According to a study by Investtech, a technical analysis research firm, stocks with high RSI, above the critical 70 level, have continued to rise. Similarly stocks with low RSI, below the critical 30 level, have continued to underperform.
They studied 31,220 cases on daily charts where RSI(21) crossed above the 70 limit and 23,404 cases where RSI(21) fell below the 30 limit. They named this strategy “RSI momentum” where a buy signal occurred when RSI went above 70 and a sell signal when RSI fell below 30, quite the opposite of what the classical use of RSI suggests.
Investtech’s research shows that the "overbought/oversold" interpretation is not statistically correct. The results show that RSI is a good indicator of whether the stock has positive momentum or negative momentum and that this RSI momentum is a good indicator of future price movement.

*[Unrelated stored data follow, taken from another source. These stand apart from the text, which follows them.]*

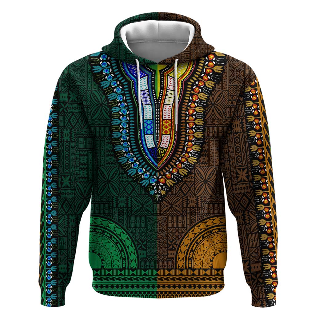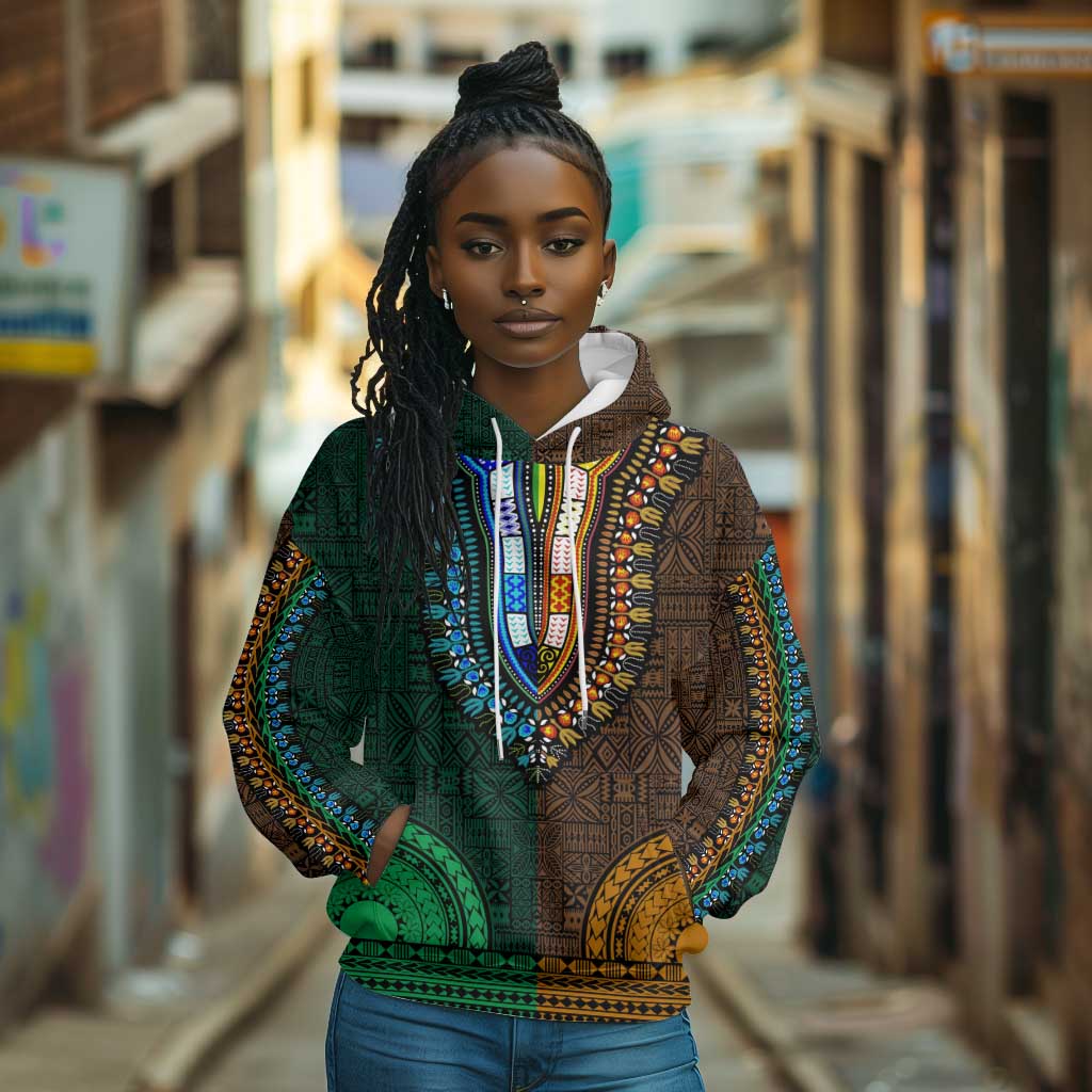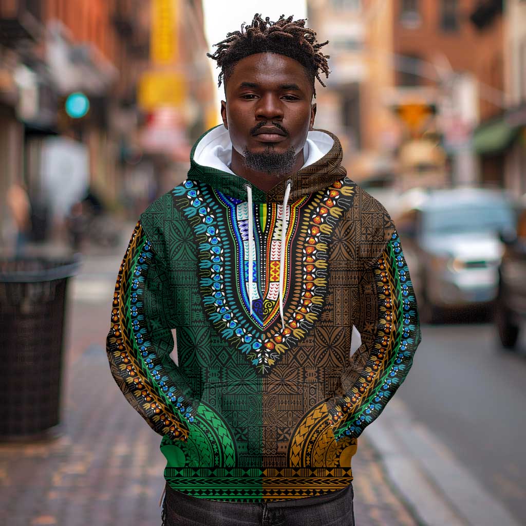 Green-gold Dashiki and Tapa Pattern Hoodie Africa-Polynesia Together Culture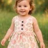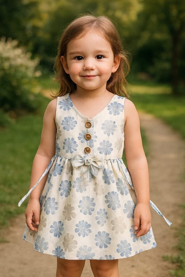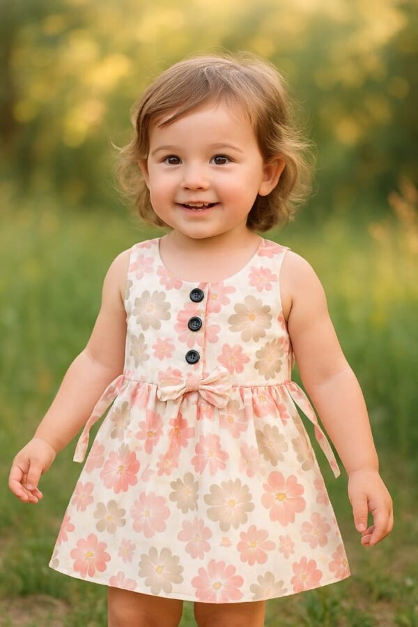 Dress your little princess in the sweet elegance of the Blush Blossom Sleeveless Floral Frock by Riddhima Fashion. Crafted from lightweight and breathable fabric, this frock features a pastel floral print in soft shades of blush pink and beige, enhanced with front buttons and a dainty bow at the waist. The sleeveless design ensures comfort and ease, making it a delightful choice for warm days.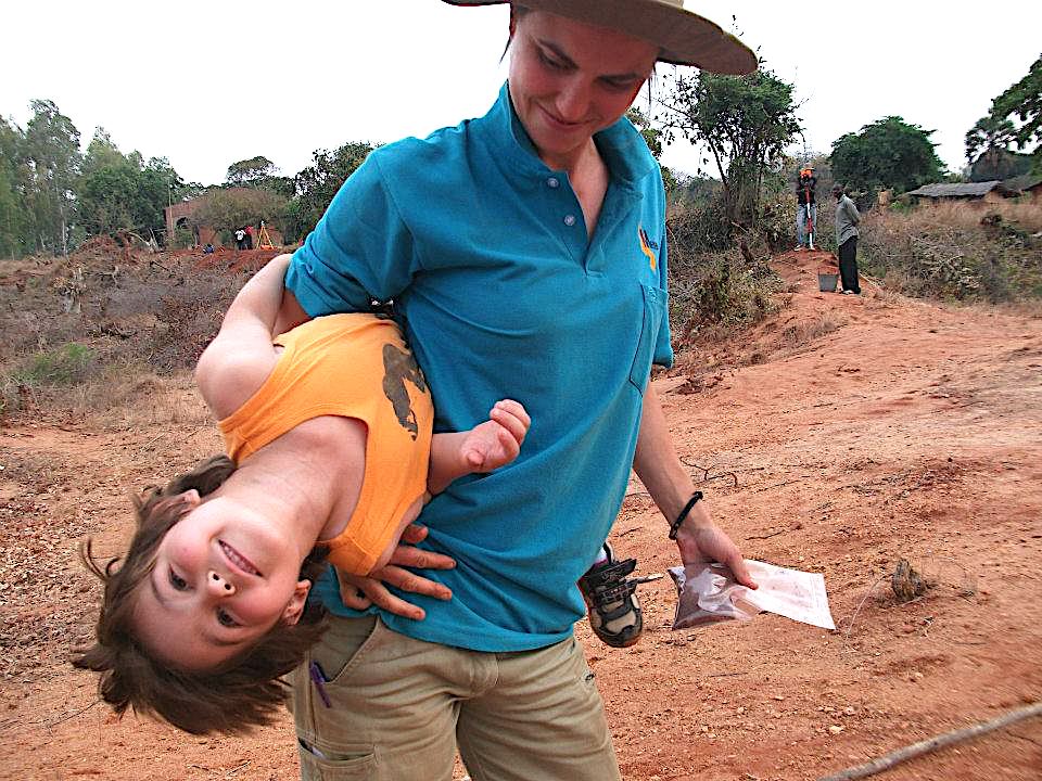 La coautora Jessica Thompson carga a su hijo Bryan en el yacimiento arqueológico de Bruce en Karonga, Malawi.

Similar research into the performance of this indicator confirms their findings: An academic paper published in 2014 looked at the profitability of two RSI trading rules: The researchers found that the centreline crossover rule performed better than buying below 30 and selling above 70.
Momentum traders are therefore only interested in RSI levels 20 units or so above or below the mid-line or centre line at 50. Remember this because it’s critical to the development of the RSI Histo indicator.
In the image below, the classic RSI indicator has been altered to colour bars above 60 or below 40. The remaining bars are grey. As you can see, periods of high price momentum are nicely highlighted which offers the trader the ability to focus on trading setups in those zones. The RSI Histo indicator strips out the “unhelpful’ data between the 60 / 40 levels and focuses exclusively on the high price momentum periods outside of the 60 / 40 levels.
Closing thoughts on RSI
There are several important factors to consider when using the Relative Strength Index indicator, such as the settings, the score (30 and 70), and the bullish/bearish divergences. However, one should always keep in mind that no technical indicator is 100% efficient - especially if it is used alone. Therefore, traders should consider using the RSI indicator along with other indicators in order to avoid false signals.